I have attached all relevant logs including that last TDSS log that detected something (no detections now) and the various CF logs.

I can get into the system now but I do not have any networking and I believe that there might be other parts still lingering.

Thank you in advance for your help.

Attached Files



BC AdBot (Login to Remove)

 


#2 m0le

m0le

    Can U Dig It?


  • Malware Response Team
  • 34,527 posts
  • OFFLINE
  •  
  • Gender:Male
  • Location:London, UK
  • Local time:11:02 AM

Posted 03 March 2012 - 09:42 PM

Hi,

Welcome to Bleeping Computer. My name is m0le and I will be helping you with your log.
  • Please subscribe to this topic, if you haven't already. Click the Watch This Topic button at the top on the right.

  • Please avoid installing/uninstalling or updating any programs and attempting any unsupervised fixes or scans. This can make helping you impossible.

  • Please reply to this post so I know you are there.
The forum is busy and we need to have replies as soon as possible. If I haven't had a reply after 3 days I will bump the topic and if you do not reply by the following day after that then I will close the topic.

Once I receive a reply then I will return with your first instructions.

Thanks :thumbup2:
Posted Image
m0le is a proud member of UNITE

#3 ETG-FLA

ETG-FLA
  • Topic Starter

  • Members
  • 11 posts
  • OFFLINE
  •  
  • Local time:06:02 AM

Posted 05 March 2012 - 09:11 AM

Hi Mole, I'm here and ready for your help. Thanks!

#4 m0le

m0le

    Can U Dig It?


  • Malware Response Team
  • 34,527 posts
  • OFFLINE
  •  
  • Gender:Male
  • Location:London, UK
  • Local time:11:02 AM

Posted 05 March 2012 - 05:47 PM

The TDSSKiller log doesn't show any TDSS. Some of the drivers that help you connect to the internet were replaced by Combofix - which you should not have been running - and this could be the problem now. First, we need to check that ZeroAccess has gone.

Please download aswMBR ( 511KB ) to your desktop.
  • Double click the aswMBR.exe icon to run it
  • Click the Scan button to start the scan
  • On completion of the scan, click the save log button, save it to your desktop and post it in your next reply.

Posted Image
m0le is a proud member of UNITE

#5 ETG-FLA

ETG-FLA
  • Topic Starter

  • Members
  • 11 posts
  • OFFLINE
  •  
  • Local time:06:02 AM

Posted 05 March 2012 - 08:09 PM

Here 'tis. I did not install Avast when it game me the option...

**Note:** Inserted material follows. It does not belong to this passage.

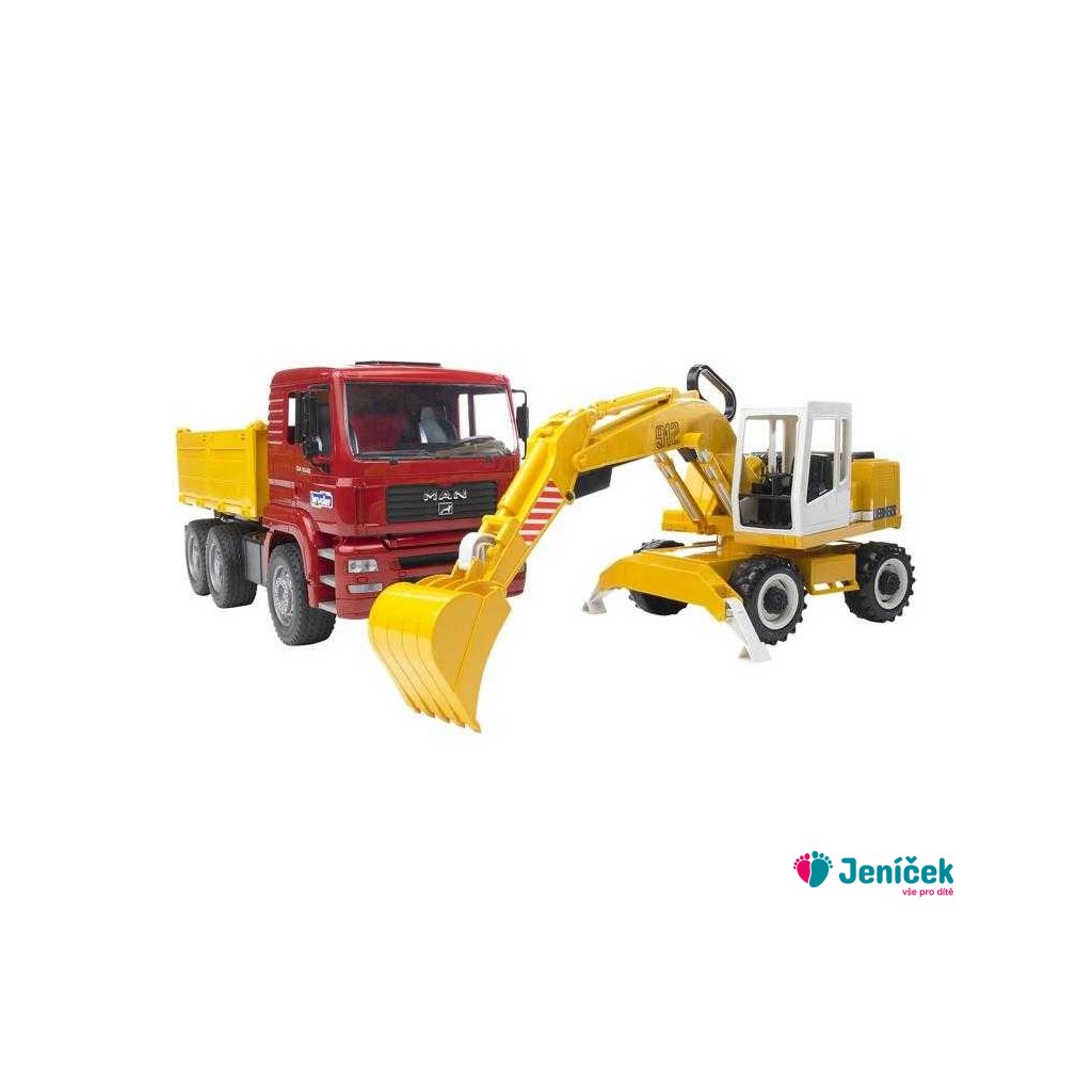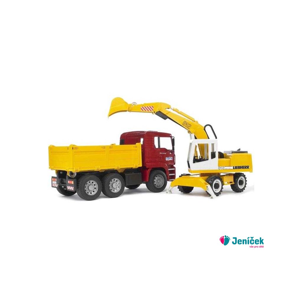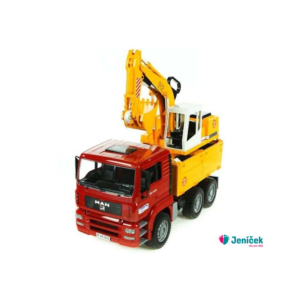 Nákladní auto MAN TGA je klasický sklápěč s měkkými pneumatikami a sklopnou korbou. Součástí setu je bagr Liebherr na nakládání materiálu. Bagr má stabilizační výsuvné opěrné nohy, profilové pneumatiky a funkční rýpadlo s otočnou kabinou. Kabina s plně funkčním ramenem se lžící se otáčejí o 360°. Doporučujeme k vozu dokoupit a nainstalovat světelný a zvukový maják BR2801. Vyrobeno v Německu, z kvalitních materiálů. Hlavní vlastnosti: sklopná korbasoučástí bagr Liebherr s rýpadlemvyrobeno v Německu

Thank you for your continued assistance!

Attached Files



#6 m0le

m0le

    Can U Dig It?


  • Malware Response Team
  • 34,527 posts
  • OFFLINE
  •  
  • Gender:Male
  • Location:London, UK
  • Local time:11:02 AM

Posted 05 March 2012 - 08:16 PM

Good clean log. Let's check some other settings.

Please download Farbar Service Scanner and run it on the computer with the issue.
  • Press "Scan".
  • It will create a log (FSS.txt) in the same directory the tool is run.
  • Please copy and paste the log to your reply.

Posted Image
m0le is a proud member of UNITE

#7 ETG-FLA

ETG-FLA
  • Topic Starter

  • Members
  • 11 posts
  • OFFLINE
  •  
  • Local time:06:02 AM

Posted 05 March 2012 - 08:28 PM

At present, I do not have a network cable attached to the system. The network control panel would say connected but I wouldn't have any access and I am worried that it might try to reach out to one of my other systems (if it is still infected).

Attached Files

  • Attached File  FSS.txt   1.7KB   15 downloads


#8 m0le

m0le

    Can U Dig It?


  • Malware Response Team
  • 34,527 posts
  • OFFLINE
  •  
  • Gender:Male
  • Location:London, UK
  • Local time:11:02 AM

Posted 05 March 2012 - 08:42 PM

The localhost is still blocked - indicating ZeroAccess is still present.

Can you post the Combofix log. If you no longer have it you can grab the information for me.

Please go to start -> Run.

Copy and paste the bold line in the run-box and click OK:

cmd /c dir /a/s/b C:\QooBox >log.txt & log.txt

A text file opens up, copy and paste the content to your reply.
Posted Image
m0le is a proud member of UNITE

#9 ETG-FLA

ETG-FLA
  • Topic Starter

  • Members
  • 11 posts
  • OFFLINE
  •  
  • Local time:06:02 AM

Posted 05 March 2012 - 08:58 PM

Log attached. It is really awesome that you guys/girls do this!!

Attached Files

  • Attached File  log.txt   3.56KB   4 downloads


#10 m0le

m0le

    Can U Dig It?


  • Malware Response Team
  • 34,527 posts
  • OFFLINE
  •  
  • Gender:Male
  • Location:London, UK
  • Local time:11:02 AM

Posted 06 March 2012 - 04:50 PM

The Combofix log shows the problems you've had.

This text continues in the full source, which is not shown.